У костра собираются другие. Пламя отбрасывает длинные тени на лица, делая их похожими на маски скорби. Торин стоит неподвижно, словно выточенная из камня статуя, но я вижу, как блестят его глаза в отблесках огня. Даркен отвернулся, но его плечи вздрагивают. Мира держит руки перед собой, пальцы сплетены, костяшки побелели от напряжения. Лира плачет открыто, не пытаясь скрыть слёз. Даврис стоит поодаль, почтительно молчит, но даже её суровое лицо смягчилось от горя. Селена опустилась на землю, обхватив себя руками, качается взад-вперёд, и тихие всхлипы прерывают ночную тишину.

И Тенераус. Он сидит напротив Морвена, и контраст между двумя магами разителен. Когда-то они были равны — двое сильнейших волшебников своего поколения. Теперь один умирает, а второй несёт на себе тяжесть осознания, что мог предотвратить это. Тенераус смотрит на умирающего друга, и я впервые вижу на его лице не высокомерие главы Совета, не холодную уверенность, а просто боль. Голую, неприкрытую боль человека, который слишком поздно понял правду.

— Морвен, — говорит он. — Прости меня. За всё. За годы вражды. За сегодняшнюю битву. За… за то, что не поверил раньше.

Слова повисают в воздухе.
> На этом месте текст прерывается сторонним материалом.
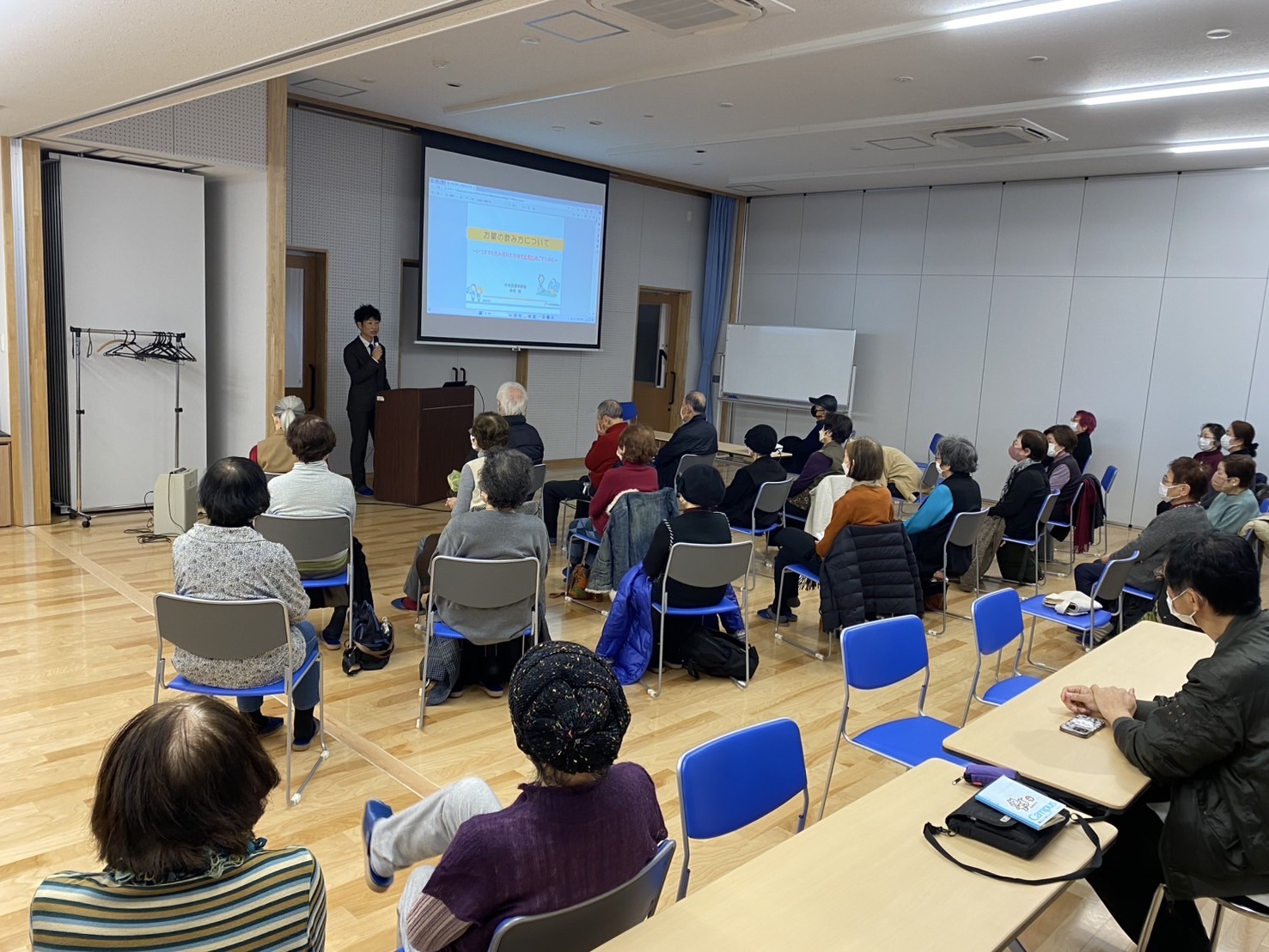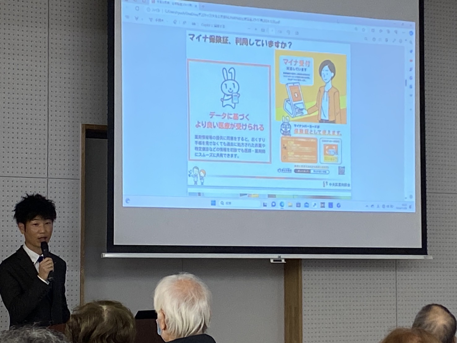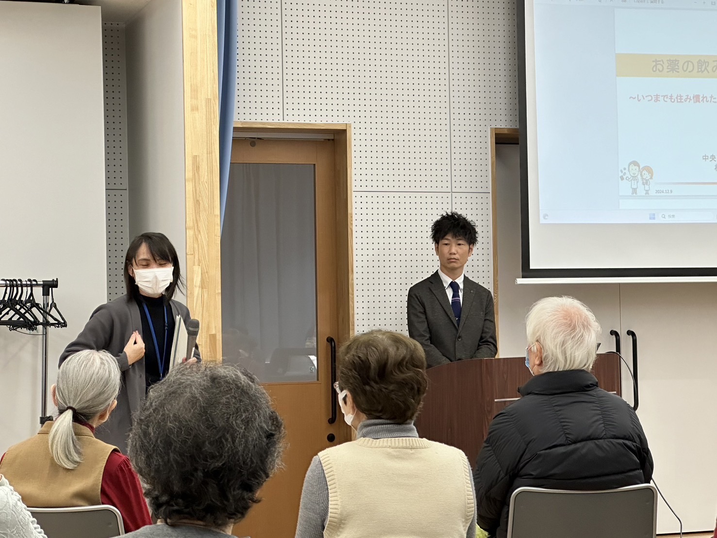 2024年12月21日 中央支部 【中央区】2024.12.9 大名校区出前講座 開催 2024.12.9(月) 9:30~12:00 大名公民館にて大名校区出前講座が開催されました。 お薬の飲み方について、林田理事が登壇され、 29名の方にご参加頂きました。
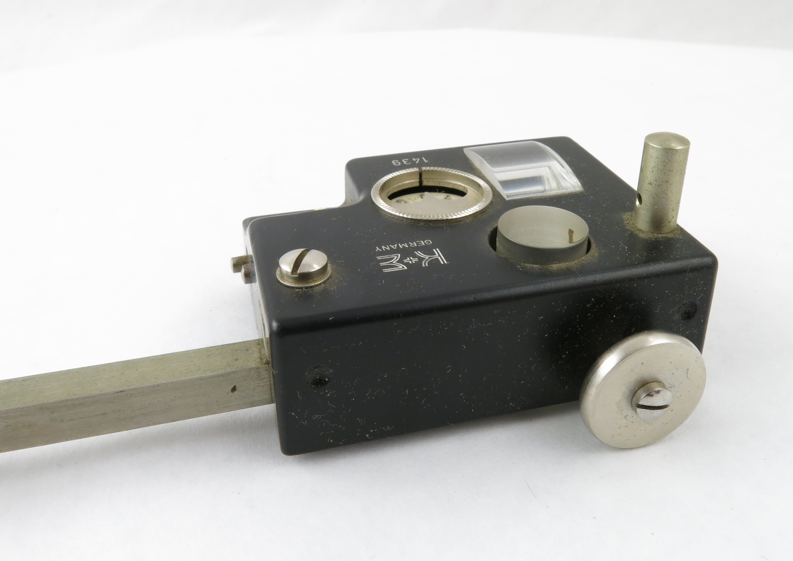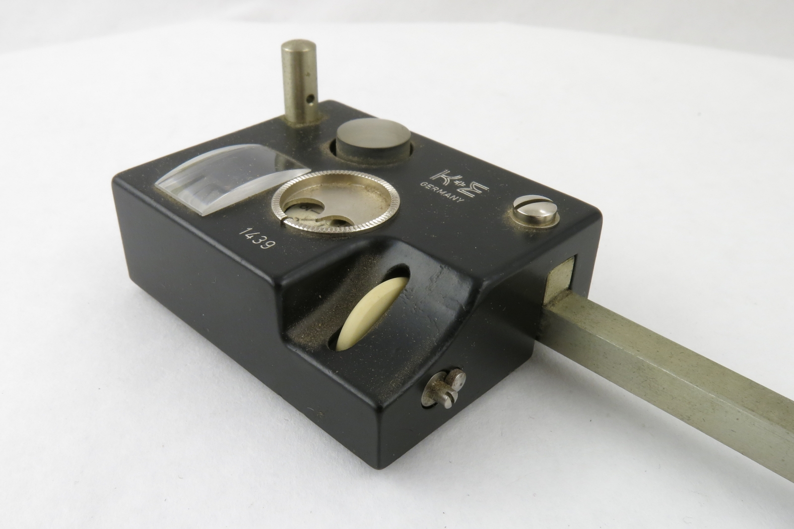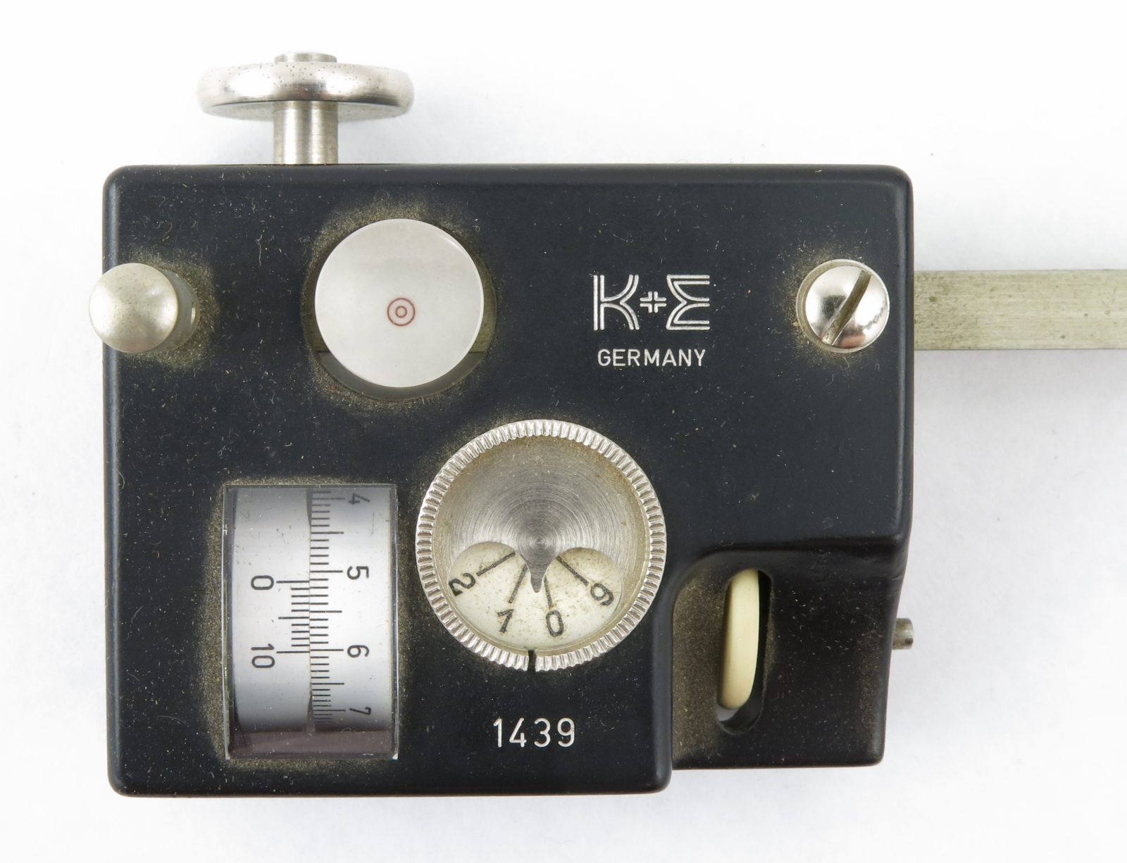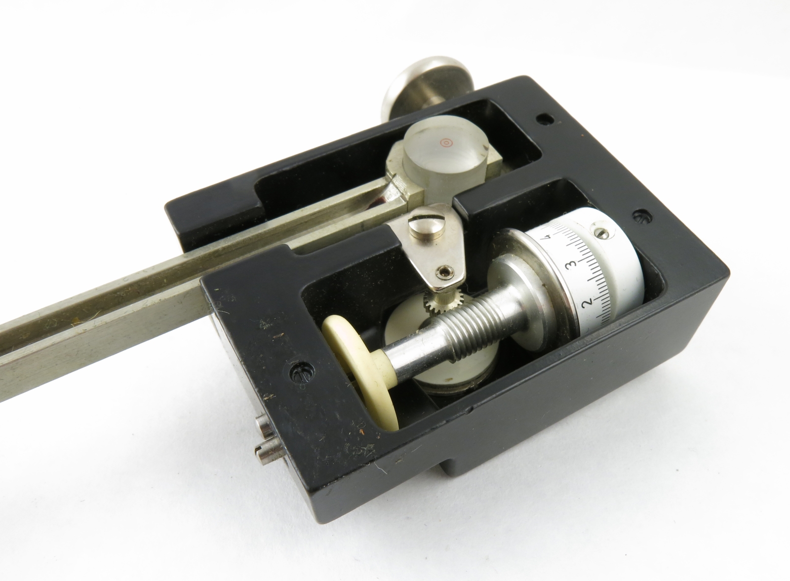 Notes: "The 62 0100 radial planimeter is the former Model 4215, with the ""modern"" covered mechanism and plastic wheel for zeroing the planimeter. The tracing ""point"" is a magnifying glass built into the cursor frame, with a red bullseye for tracing the chart."

Я вспоминаю истории, которые рассказывал Морвен — о молодости, когда они с Тенераусом были не врагами, а друзьями. Вместе учились, вместе исследовали древние тексты, спорили до рассвета о природе магии. Потом их пути разошлись. Морвен выбрал правду, Тенераус — систему. Десятилетия они смотрели друг на друга через пропасть идеологической войны, и в глазах каждого читалось: "Ты предал наши идеалы". Теперь же эта пропасть рухнула, но цена оказалась слишком высокой.

— Прощаю, — просто говорит Морвен, и в этом слове столько истощённого облегчения, что у меня перехватывает дыхание. — Всегда прощал. Ты не враг мне, Тенераус. Никогда не был. Просто… заблудился. Долго заблудился. Но нашёл дорогу. В конце концов.

Он кашляет, и каждый спазм сотрясает его тело. Я поддерживаю его.

— Не поздно, — возражает Морвен. — Пока жив — не поздно. А ты жив. Будешь жить дальше. Продолжать работу.

— Какую работу? — горько усмехается Тенераус. — Половина Совета считает меня предателем. Валтор соберёт консерваторов. Будет гражданская война.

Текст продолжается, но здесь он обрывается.